Abstract

Pelvic Organ Prolapse (POP) is a condition of the female pelvic system suffered by a significant proportion of women in the U.S. and more across the globe, every year. POP is caused by the weakening of the pelvic floor muscles and musculo-connective tissues due to child birth, menopause and morbid obesity. Prolapse of the pelvic organs namely the urinary bladder, uterus, and rectum into the vaginal canal can cause vaginal discomfort, strained urination or defecation, and sexual dysfunction. To date, success rates of native tissue POP surgeries vary from 50–70% depending on the definition of cure and time-point of assessment.
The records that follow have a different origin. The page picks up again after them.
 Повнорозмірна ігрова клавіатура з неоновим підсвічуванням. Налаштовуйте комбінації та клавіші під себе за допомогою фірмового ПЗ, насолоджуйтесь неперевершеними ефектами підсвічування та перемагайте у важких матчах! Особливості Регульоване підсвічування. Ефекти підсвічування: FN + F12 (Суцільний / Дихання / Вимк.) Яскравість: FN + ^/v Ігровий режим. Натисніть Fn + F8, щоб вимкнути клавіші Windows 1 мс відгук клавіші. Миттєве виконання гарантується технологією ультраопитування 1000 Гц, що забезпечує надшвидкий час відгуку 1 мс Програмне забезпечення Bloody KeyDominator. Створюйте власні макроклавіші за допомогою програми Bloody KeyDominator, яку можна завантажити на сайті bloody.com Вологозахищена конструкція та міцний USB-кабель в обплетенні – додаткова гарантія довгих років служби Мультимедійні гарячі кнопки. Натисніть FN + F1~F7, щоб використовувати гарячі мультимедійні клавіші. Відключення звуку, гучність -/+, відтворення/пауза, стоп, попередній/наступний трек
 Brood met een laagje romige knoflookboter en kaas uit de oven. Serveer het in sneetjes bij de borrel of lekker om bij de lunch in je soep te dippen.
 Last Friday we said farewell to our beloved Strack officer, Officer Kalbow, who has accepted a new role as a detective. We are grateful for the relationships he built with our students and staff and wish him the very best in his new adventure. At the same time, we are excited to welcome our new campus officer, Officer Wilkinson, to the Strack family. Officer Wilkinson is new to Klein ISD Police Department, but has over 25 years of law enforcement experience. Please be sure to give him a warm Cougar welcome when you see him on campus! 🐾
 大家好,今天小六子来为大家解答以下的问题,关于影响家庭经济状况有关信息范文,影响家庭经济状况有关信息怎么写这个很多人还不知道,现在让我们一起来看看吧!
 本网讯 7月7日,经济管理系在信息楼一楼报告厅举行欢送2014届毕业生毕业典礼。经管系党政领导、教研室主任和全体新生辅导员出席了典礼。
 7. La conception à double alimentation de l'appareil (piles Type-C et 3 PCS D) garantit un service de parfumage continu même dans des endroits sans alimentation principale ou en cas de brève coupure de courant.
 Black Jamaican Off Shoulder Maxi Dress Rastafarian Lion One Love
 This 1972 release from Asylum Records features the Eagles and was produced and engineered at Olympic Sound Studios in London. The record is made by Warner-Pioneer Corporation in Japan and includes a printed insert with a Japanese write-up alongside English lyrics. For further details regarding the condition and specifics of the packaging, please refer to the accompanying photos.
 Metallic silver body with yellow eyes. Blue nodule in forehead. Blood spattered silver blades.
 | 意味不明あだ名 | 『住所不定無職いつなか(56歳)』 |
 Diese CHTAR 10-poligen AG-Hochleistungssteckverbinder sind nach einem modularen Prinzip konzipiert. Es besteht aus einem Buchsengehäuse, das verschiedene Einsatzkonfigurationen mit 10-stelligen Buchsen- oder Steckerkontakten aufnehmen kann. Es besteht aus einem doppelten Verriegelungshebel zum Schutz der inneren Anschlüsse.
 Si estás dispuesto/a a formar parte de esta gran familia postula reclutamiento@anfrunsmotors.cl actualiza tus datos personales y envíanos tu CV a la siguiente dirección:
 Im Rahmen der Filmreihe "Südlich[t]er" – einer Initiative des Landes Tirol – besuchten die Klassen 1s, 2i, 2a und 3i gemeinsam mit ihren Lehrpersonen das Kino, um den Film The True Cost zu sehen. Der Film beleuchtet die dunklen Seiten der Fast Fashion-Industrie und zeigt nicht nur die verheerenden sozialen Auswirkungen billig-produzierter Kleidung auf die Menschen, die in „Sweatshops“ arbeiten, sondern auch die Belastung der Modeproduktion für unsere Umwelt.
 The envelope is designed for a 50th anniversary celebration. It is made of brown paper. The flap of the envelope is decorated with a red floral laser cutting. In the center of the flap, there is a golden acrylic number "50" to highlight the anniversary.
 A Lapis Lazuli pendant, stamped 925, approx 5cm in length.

A better understanding of the mechanics of prolapse may lead to improvement in surgical outcomes. In the current work, the mechanics of progression of anterior and posterior vaginal prolapse were modeled to understand the effect of bladder fill and posterior vaginal stresses using computational approaches. A realistic and full-scale female pelvic system model, comprised of the urinary bladder, vaginal canal, uterus, rectum, and fascial connective tissue, was developed using image segmentation methods. All of the relevant loads and boundary conditions were applied based on a comprehensive study of the anatomy and functional morphology of the female pelvis. Hyperelastic material models were adopted to characterize all pelvic tissues, and a non-linear analysis was invoked. In the first set of simulations, a realistic bladder filling and vaginal tissue stiffening in prolapse were modeled and their effects on the anterior vaginal wall (AVW) were estimated in terms of the induced stresses, strains and displacements. The degree of bladder filling was found to be a strong indicator of stress build-up on the AVW. Also, vaginal tissue stiffening was found to increase the size of the high stress zone on the AVW. The second simulation consisted of modeling the different degrees of posterior vaginal wall (PVW) prolapse, in the presence of an average abdominal pressure. The vaginal length was segmented into four sections to study the localized stresses and strains. Also, a clinically well-known phenomena known as the kneeling effect was observed with the PVW in which the vaginal wall displaces away from the rectum and downward towards the vaginal hiatus. All of these results have relevant clinical implications and may provide important perspective for better understanding the mechanics of POP pathophysiology.